The Content Of The Article:
- Cut off flowers or not? - Options at a glance
- Blooming garlic is edible
- Best harvest date is obvious
- Skillfully harvest garlic
- Nachreife improves the quality
Expertly planting garlic does not cause any problems even for beginners in the nursery. At the beginning of the flowering season, the popular spice plant still raises important questions about the further course of action for a profitable cultivation. Primarily house gardeners are now racking their heads to see if the flowers are to be cleaned so that the onions in the soil do not lose their aroma or become inedible. This green guide takes all questions around the flowering and harvest season. Read here, when and how to harvest the spicy toes. This is how you deal with the flower specialist.
Cut off flowers or not? - Options at a glanceGarlic planted in autumn dries in October 80 to 100 cm long, tubular stems, at the end of which stand isolated flowers. Garlic flowers have little in common with the flowers of flowers and ornamental shrubs. In fact, they are umbilicals, which are usually sterile and therefore do not form seeds. Instead of fruits with seeds, most garlic varieties within their inflorescences produce tiny bratwells, called bulbils. Undoubtedly, the plant invests a large part of its energy in the growth of these unusual inflorescences. The extent to which the quality of garlic cloves suffers, is discussed by experts and garlic friends controversial. This will give you different options on how to do the flowering:
- Consistently cut off all flowers, including the tube stems, to direct growth energy into the onion
- Brush half of the flowers to make quality comparisons
- Leave only a few inflorescences to use the bulbs for propagation
Blooming garlic is edibleRegardless of the alternatives in dealing with the flowers of a garlic plant, one fact is undoubtedly clear: There is no direct relationship between flowering and palatability. The onions with the tasty toes are edible, whether you allow a flowering time or not. The extent to which the removal of buds and flowers affects quality is best explored in our own experiments using the options above.

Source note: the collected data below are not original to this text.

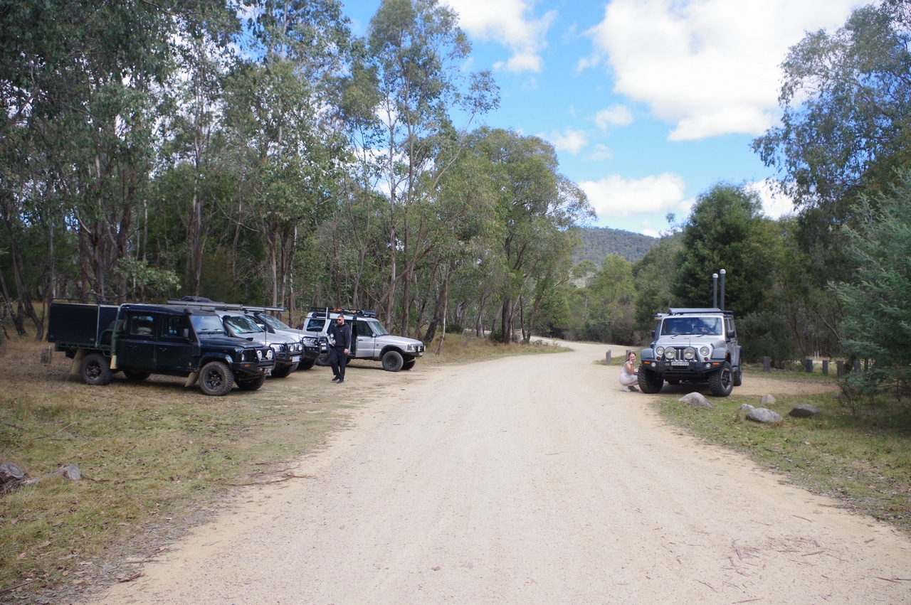 Anzac Day was fine and a little chilly when we departed from Williamsdale. Your trip leader was the last to arrive and as such gets to write the trip report. We had a leisurely drive down to Jindabyne where we topped off tanks and headed to Tom Groggin camp ground for lunch and airing down.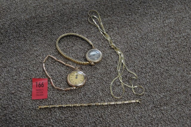 Box lot containing gold plated ladies wristwatches and gold plated chain.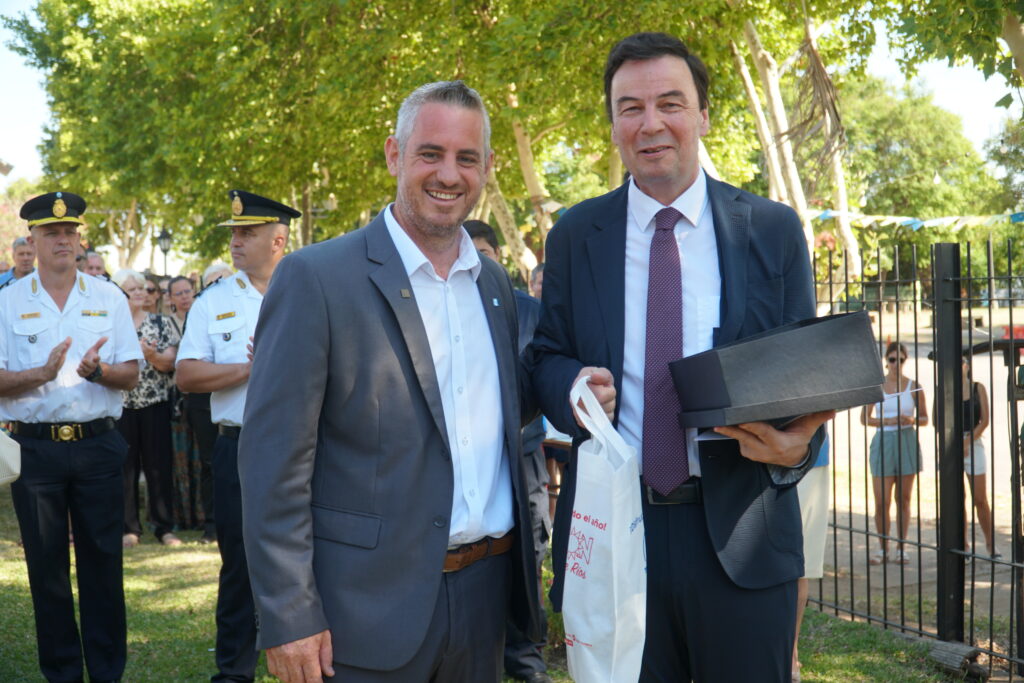 La ceremonia fue presidida el presidente municipal de Colón, José Luis Walser y la vicegobernadora de Entre Ríos, Alicia Aluani, y contó con la participación de autoridades locales, provinciales, representantes institucionales, vecinos y una destacada comitiva de autoridades de Suiza, en el marco de los 20 años de hermanamiento entre Colón y la ciudad de Sion.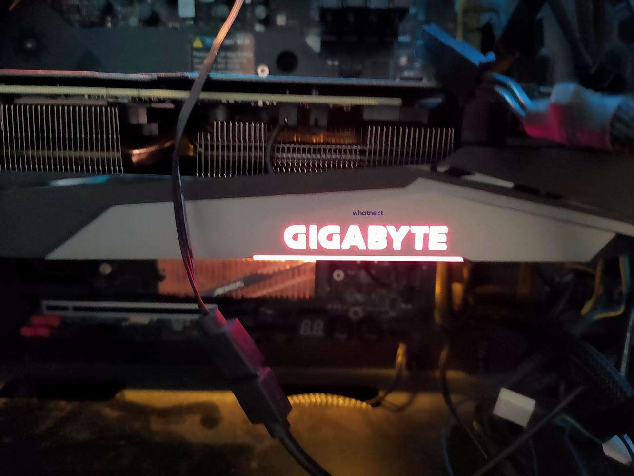 Karta od Gigabyte wygląda podobnie do poprzednich. Jest ona szaro-czarna i ma lekkie podświetlenie RGB loga. W obudowie raczej nie będzie się ona wyróżniała, co można traktować jako plus lub minus. Na pewno jednak ogromną zaletą jest przeniesienie złączy zasilania (6 pin + 8 pin, swoją drogą żadna inna testowana takiej konfiguracji nie miała) na koniec karty. Ułatwi to podłączenie okablowania z zasilacza, co również jest jedynym takim rozwiązaniem w kartach, jakie miałem w rękach. Warto też wspomnieć o metalowym backplate.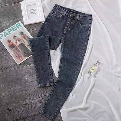 春秋新作 タイツ本 着痩せ レディース ハイウエストジーンズ ばね力 ハイテンション やせて見える 薄い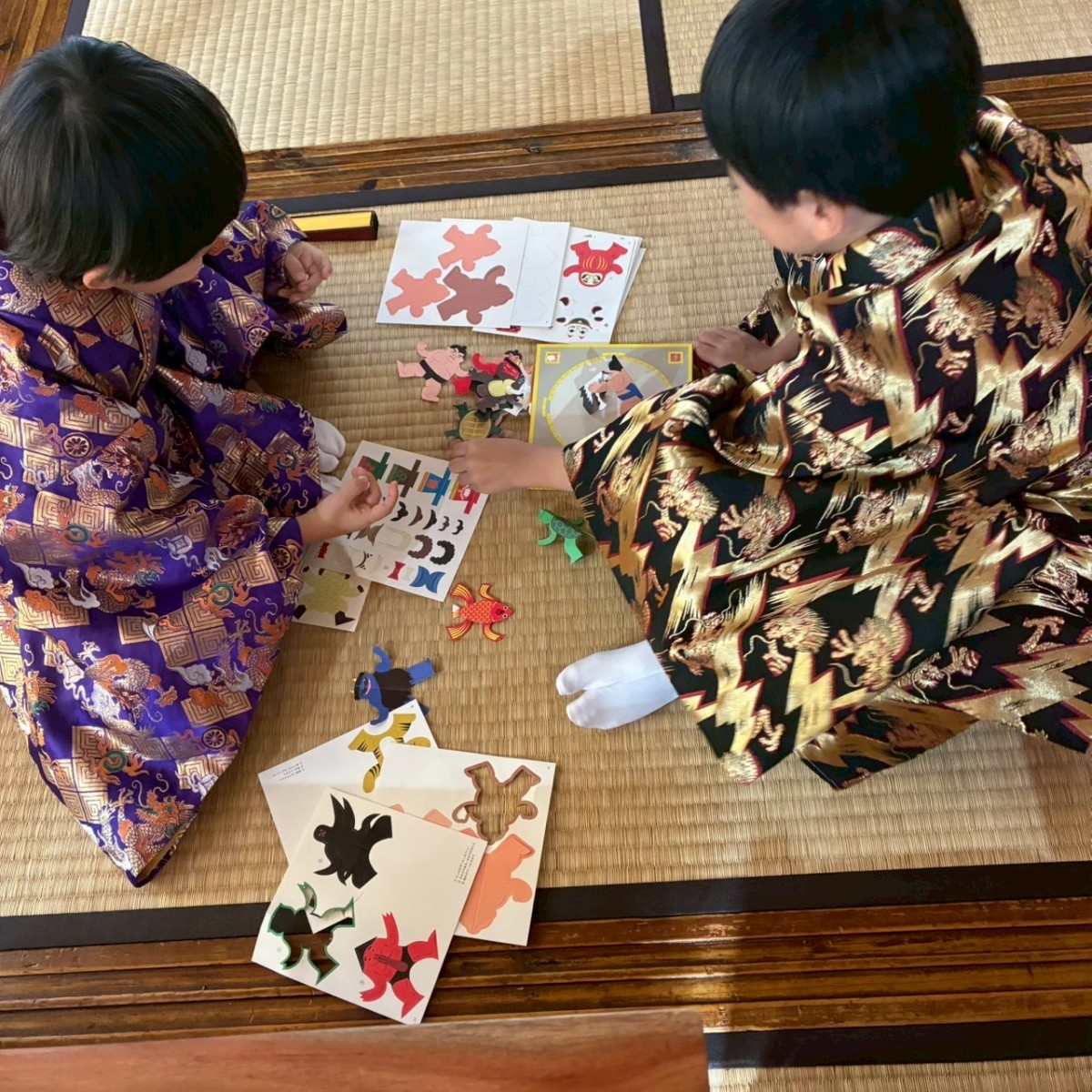 着付け中、他の子が支度をしている間も子供たちはご機嫌でした。店内には子供たちが退屈しないよう、遊び道具や絵本が用意されています。

Tip: While garlic is still edible after flowering, this is not true for its germinating onions. If a green germ emerges from a garlic bulb, please throw it away. The very bitter taste in this case is the lesser evil. Germinating garlic bulbs are poisonous and cause considerable discomfort after eating.
Best harvest date is obviousIf doubts about the flowering time are removed, the question of the perfect harvest date is indisputable. Winter garlic planted in the fall is mature under normal weather conditions starting in July. Summer garlic placed in spring has generally reached its harvest maturity in August. The concrete date for the harvest is signaled by the plant with the following attributes:
- The foliage in the upper third of the plant has withered
- The leaves in the lower part turn yellow
- First toes or onions are visible
Tip: For garlic, spring is a planting second choice. In order to harvest the spice and medicinal plant in premium quality, the garden practice planting proven in September / October proven.
Skillfully harvest garlicIf a garlic plant meets all the criteria for its harvest maturity, the work is quite simple. Grasp the above-ground parts of the plant by hand and pull the onions out of the ground. If the soil is hardened by previous rains, first loosen the bed with a grave fork.
Nachreife improves the qualityFreshly harvested garlic should ripen for a few days to develop its full aroma. To do this, place the onions in a breezy, dry and dark place for about a week. Only then cut off the withered foliage.
If garlic plants plant their flowers, the gardener has various options for further action. Optionally, trim all flower stalks to allow the plant to invest its energy in the growth of the coveted bulbs.Unfortunately, the opportunity is lost to profit from the tiny brood bulbs within the umbel and to grow new garlic plants. The effects of flowers on the quality can be found out through own experiments. After all, as an incontrovertible fact, garlic is still edible after a flowering period. Only when an onion begins to germinate does it expel toxins and become inedible. The ideal harvest date is associated with fewer imponderables. Once the foliage has withered and first onions are visible, garlic can be harvested. To do this, loosen the soil and pull the plant out of the ground. After a week of Nachreife cut off the leaves and the time for carefree garlic enjoyment begins.